I Fall Down… Again

In the post-Christmas shopping days I went to the store like many others. Was going thru the aisles just like the other customers in the store. Saw a lady leaning on her basket, looked distressed. She was older, slight- seemed like she’d blow away like a feather if you moved by her too fast.  I paused about a third of the way down the aisle and looked back- she was still standing there. Another lady came up to her and talked with her as if she knew her.  I continued on to finish my shopping and went to the check out. I found myself behind the same lady, who was by now in a wheelchair cart. There were three employees standing by, anxiously watching her. She was on the phone talking with someone quietly. She finished her call as the clerk was completing ringing up the lady’s purchase. By this time she was tearful, apologetic, reassured the clerks repeatedly that she was ok, that she was fine to go to her car and wait for someone to drive her home. An employee called for another employee to accompany the lady to her car. Then the clerks were apologizing to me for taking longer than they felt necessary to serve me.

 

 

Now, all this time I had the feeling that I should be concerned in some way for the poor lady who was in distress.  Why had I happened down the aisle she had been on? Why did I notice her distress? Why did I happen to get in line behind her?

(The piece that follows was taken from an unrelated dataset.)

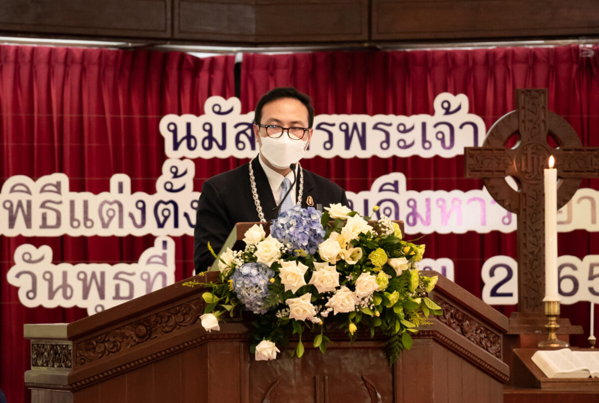โดยได้รับเกียรติจาก ศาสนาจารย์ พงษ์ศักดิ์ สินธุมัด กรรมการสภามหาวิทยาลัยพายัพ อธิษฐานสรรเสริญและขอการทรงนำจากพระเจ้า เทศนา โดย ศาสนาจารย์ วิรัช โกยดุลย์ รองประธานมูลนิธิแห่งสภาคริสตจักรในประเทศไทย กล่าวประวัติและเบิกตัวอธิการบดี โดย ดร. สายสม วงศาสุลักษณ์ ประธานคณะกรรมการสรรหาอธิการบดีมหาวิทยาลัยพายัพ และกรรมการสภามหาวิทยาลัยพายัพ สวมตราสัญลักษณ์ประจำตำแหน่งอธิการบดี โดย ศาสนาจารย์ สยาม ม่วงศักดิ์ เลขาธิการมูลนิธิแห่งสภาคริสตจักรในประเทศไทย และ นายสเปญ จริงเข้าใจ นายกสภามหาวิทยาลัยพายัพ ขอพระพร โดย ศาสนาจารย์ สยาม ม่วงศักดิ์ เลขาธิการมูลนิธิแห่งสภาคริสตจักรในประเทศไทย
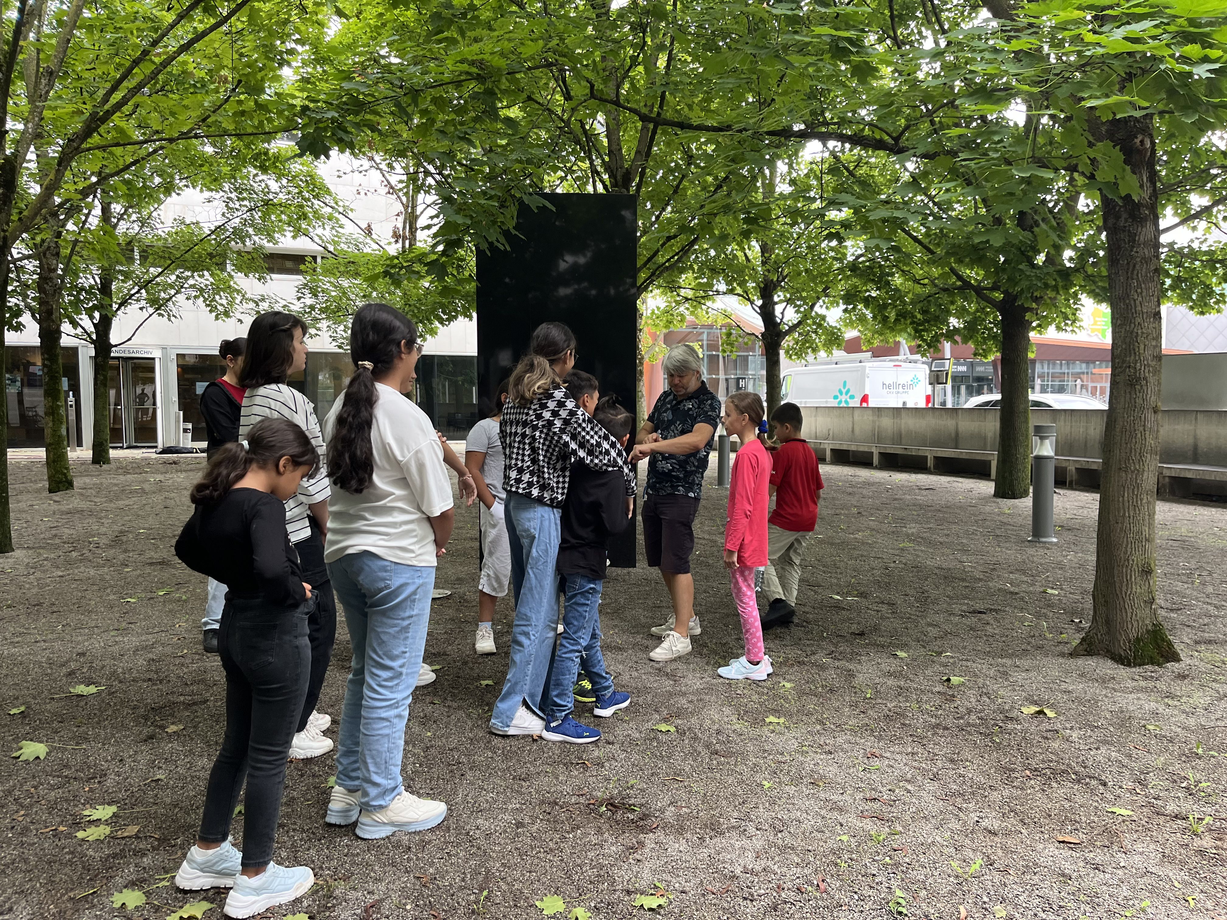 Workshop zur Installation Klangstein von Bernhard Leitner mit Kindern des Caritas Lerncafé St. Pölten

Should I have stopped to enquire as to her well-being?  Should I have offered to accompany her to her car? Should I have offered to drive her home?  And were all of these questions that arose a nudge by the Holy Spirit?  I’m not sure- but I feel like they were.  Either that or it’s an over aware sense of responsibility for others who are not well because I’m a nurse.

 

The argument, if there is one, could been argued from several directions…. And that’s what’s put me in a quandary.  Do I justify my actions to myself by using the latter statement and does that absolve me of accountability before God? Or, do I admit, which is what I think is true, that the Holy Spirit wanted me to step into the situation?  The guilt, the sheepishness that I feel, is it a feeling or is it guilt?  Or is it a missed opportunity to serve another?

 

Mordecai was right when he told Esther: “Do not think that because you are in the king’s house you alone of the Jews will escape. For if you remain silent at this time, relief and deliverance for the Jews will arise from another place, but you and your father’s family will perish.  And who knows but that you have come to your royal position for such a time as this?” Esther 4:13-14

 

 Whenever, I have refused the Holy Spirit and caused him Sorrow, these verses come to mind like the headlines of a newspaper. God indeed raised up others to serve the lady. She was cared for, but not by me. What blessing did I miss again by not being obedient?  I will never know.

 

I’d like to think that I will not miss the next cue by the Holy Spirit; however, I do know myself well enough to realize that it’s a real possibility.  What is it that makes me shrink back from some risks that I feel I was meant to take?  And, what will it take to get me to step out into the uncomfortable (for me) unknown when I do step out at other times?

 Don’t have an answer yet defined for this. But I’ll stop with this quote from Beth Moore- “Sometimes you can tell the degree to which we’re trying to be God over our own lives, by the degree of heaviness in our hearts, because it is a load to take on God’s job.”